General questions

Info

Portions of these answers are adapted, with permission, from Lawsky, Coding the Code: Catala and Computationally Accessible Tax Law, 75 SMU L. Rev. 535 (2022).

What is pair programming for coding the law?

As the introduction of this book explains, Catala is designed to be used by teams that have both legal and computational expertise. Pair programming generally refers to two programmers working together side by side at the same computer to write computer code. Pair programming for coding the law does not involve two programmers with similar skills but rather a programmer and a lawyer, people with different areas of expertise, working side by side to write computer code that captures as accurately as possible the meaning of the law. Pair programming with a lawyer and a programmer allows the law to be encoded without the need for one person to be an expert in both tax law and coding. Pair programming also improves the quality of code because pair programming requires the lawyer to explain the law very clearly, so clearly that a programmer can understand it, and it requires the programmer to be able to articulate exactly how the computer code matches the law, thus improving precision and attention to detail for both the law and the code.

What is literate programming for coding the law?

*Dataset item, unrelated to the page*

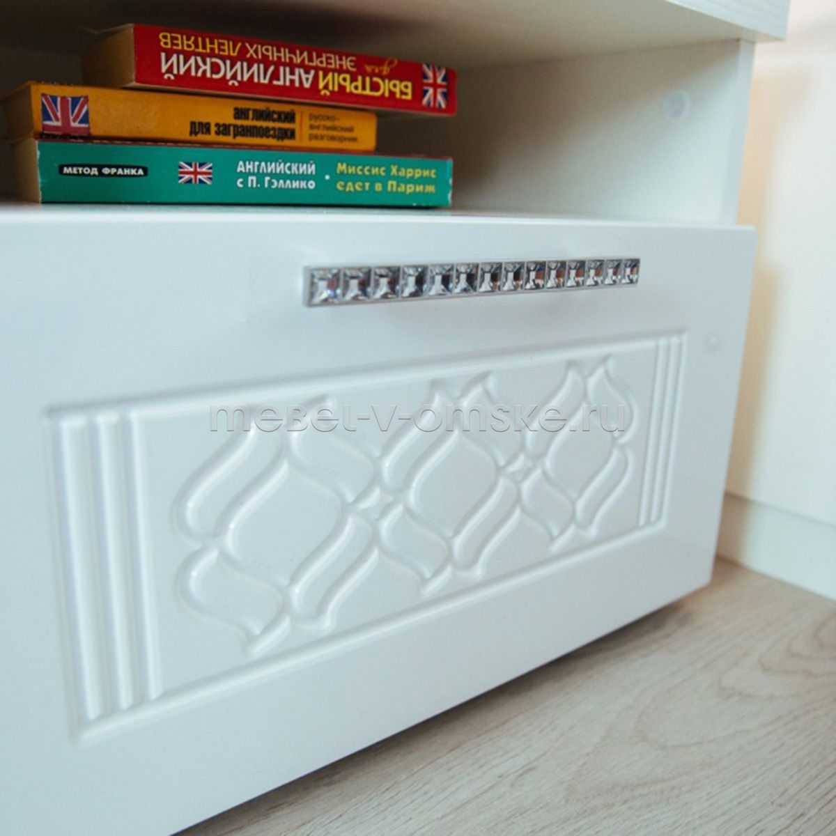 - Фурнитура. Прямоугольные опоры, высотой 20 мм. Ручки металлические с Кристалами 96 мм. Направляющие шариковые 350 мм.

Literate programming is the idea, first put forward by Donald Knuth, that a computer program doesn't just communicate to a computer what to do, but also communicates to the humans reading the program what the program wants the computer to do. Practically speaking, programs that follow the literate programming approach include a lot of comments. Literate programming is especially important in coding the law, beacuse it increases transparency and shows clearly how the code does (or does not) match up with the law. As explained in the first section of the tutorial, literate programming for the law in Catala means that Catala code includes not only the code that tells the computer what to do, but also the actual statutory or regulatory language that relates to the code for the computer. This makes it easier to update the computer code when the law changes. The comments also include the reasoning behind the decisions of the coding team, including extra-legal statutory support for the decisions. And the comments also can make explicit ambiguities the coding team found, and how and why the team chose to resolve the ambiguities.

Why shouldn't I use any programming language that I like to code the law?

The question of which programming language to use to code the law is, of course, a pragmatic question. That Catala can be compiled to other languages, such as Python, demonstrates that one could code the law and accurately capture its meaning, in some sense, in many different languages. But Catala has several advantages for coding law, especially law that is organized as general rules followed by exceptions, as many laws are.

First, a program in Catala mimics the structure of legal thinking by listing the relevant parties, structures, and variables first. Items are named before they are used, which allows humans looking at the computer code to identify relevant concepts before applying them. Second, Catala allows the programmer to easily define a scope over which various rules and definitions apply, consistent with the law's approach of having provisions that apply only to "this chapter," "this section," and so forth.

Additionally, and most importantly, as described in the second section of the tutorial, the semantics of Catala are based on a logic of general rules and exceptions ("prioritized default logic"). The structure of Catala programs can therefore closely track the structure of the law itself, if the law is organized as general rules followed by exceptions. This makes it easier to code the law; because the underlying logic tracks the statute, the default logic translation can simply follow the statute itself. And if the statute changes, it will be easier to change the Catala code than it would be to change code that did not follow the structure of the statute. Because Catala allows for exceptions that override more general rules, formalizing in Catala allows separate sections and subsections of the law to remain separate. Drafting is more modular and allows coders to swap new law in and old law out more easily.

Finally, Catala programs can be formally verified because Catala has a well-defined formal semantics.

Can we use large language models (LLMs) to translate the law into code?

Whether large language models (LLMs) can be used to translate the law into code is an open research question that various people have been pursuing, without great success at this point. Legal language is complex and not like "regular" language. Even beyond that, though, coding law is more than just straightforwardly "translating" statutory language into computer code. The law encompasses more than just the language of a statute. Coding law may, for example, require resolving ambiguities present in statutory text, or incorporating regulations or practices outside the statute. Translating law into code also requires precision, accuracy, and accountability, all of which are, at the time of this writing, in tension with using LLMs.

Can every law be formalized?

In some sense not particularly interesting sense, every law can be formalized. But at least when it comes to formalizing law with Catala, not every law is usefully formalized. Laws where the effort of formalization pays off conconcretely tend to be rule-heavy, complex laws, perhaps involving many numerical computations, and, to really take advantage of all that Catala has to offer, structured as general rules followed by exceptions.

Formalizing law also has impact on how it is enforced, and on the Rule of Law at large. See the output of the COHUBICOL research group for more detail.